Why is that relevant? Shanahan wanted Jones ahead of the 2021 NFL Draft, and he considered drafting Jones with the No. 3 overall pick that year before ultimately opting for Trey Lance.

"I knew before we [traded up to No. 3] how I felt about the quarterbacks and how good we would be to take them at 12,"  Shanahan told the I Am Athlete podcast. "There were two that I really wanted ... Mac Jones and Trey. Those were the two guys that we were locked in on from the beginning."

So, would a coach running a similar scheme see in Jones what Shanahan once saw? Even if it's as a backup option to a highly-drafted quarterback?

"I think he's salvageable, there's no question about it," former NFL quarterback Rich Gannon told 98.5 The Sports Hub. "He was 10-7 as a rookie with Josh [McDaniels] and he did a lot of good things. I thought his arrow was trending in the right direction. Matt Patricia] comes in the second year, and in fairness to a young quarterback, change around a young quarterback is never a good thing.

"In his third year, Bill O'Brien comes in. I was excited about Bill coming in. I've covered a lot of Bill's games over the years, in Houston, even when he was with the Patriots. I've got great respect for his body of work and who he is as a coach. I thought that would be a good marriage.

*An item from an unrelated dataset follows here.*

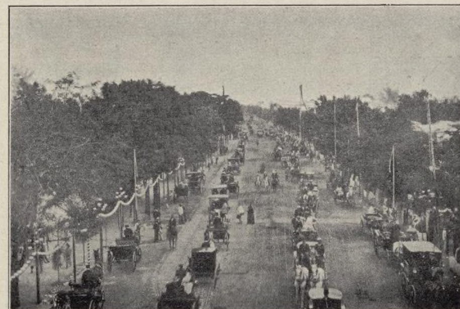
PASEO DE CARRUAJES.—Fotografía para "ARCO IRIS"

En los caballitos la gente menuda se disputa la posesión breve de aquellos nobles animales .

"I think what happened was, he got off to a slow start, struggled, turned the ball over, got yanked from a game or two, and his confidence, after what happened last year, it was just too much to overcome."

Former NFL MVP Rich Gannon joins Phil Perry on Zolak & Bertrand to discuss whether Mac Jones can bounce back from his struggles the past two seasons

Gannon saw some similarities in what's happened to Jones the last two years and what happened in his own career. Well before he established himself as one of the top quarterbacks in the league in the early 2000s, he couldn't get on the field in the late 1980s with the Vikings. He spent a year in Washington and four with the Chiefs before taking off with the Raiders, making his first Pro Bowl in 1999 under Jon Gruden at 34 years old, and winning MVP in 2002.

"I went through that in Minnesota," Gannon explained. "I waited for a chance to play. Finally got a chance to play. A coach never put his arm around me, gave me that opportunity and embraced me. I was never the guy, and they kicked me to the curb. I had to go to Washington for a year, then Kansas City and really kind of rehabilitate if you will, get my confidence back and find someone who believes in me.

"That's what Mac needs. It's tough when you're the guy, then you're not the guy. Bailey Zappe is in there. The struggle was his completion percentages come down, touchdowns come down, he wins 10 games his first year, the second it's six, this year it's two. It's tough.

"But the offensive line was a bit of an issue. When you don't have the people on the perimeter, it's hard to win. It's hard enough to play this game when you're healthy and you got a good team around you. It's really a struggle when you've got some issues with personnel."

Depite the change in scheme coming to New England, it could very well be a change in scenery that Jones needs to turn the page on this chapter of his career -- as was the case for Young when he went from Tampa Bay to San Francisco or Gannon when he left Minnesota.

If that happens, Meyers believes his old quarterback will revive his career.

"I think so," he said. "He's a good player, man. First off, you want to play with people that work hard. You know they're in there working so you need to be in there working, too. Second, he can throw a ball. He can throw a football. He can read a defense. He's going to put it on the money. He's a good player.

"It's hard for any job, working in the conditions when you're not comfortable... It's tough, man. Everybody wants to be comfortable at their workplace, and that didn't look like a comfortable environment from afar."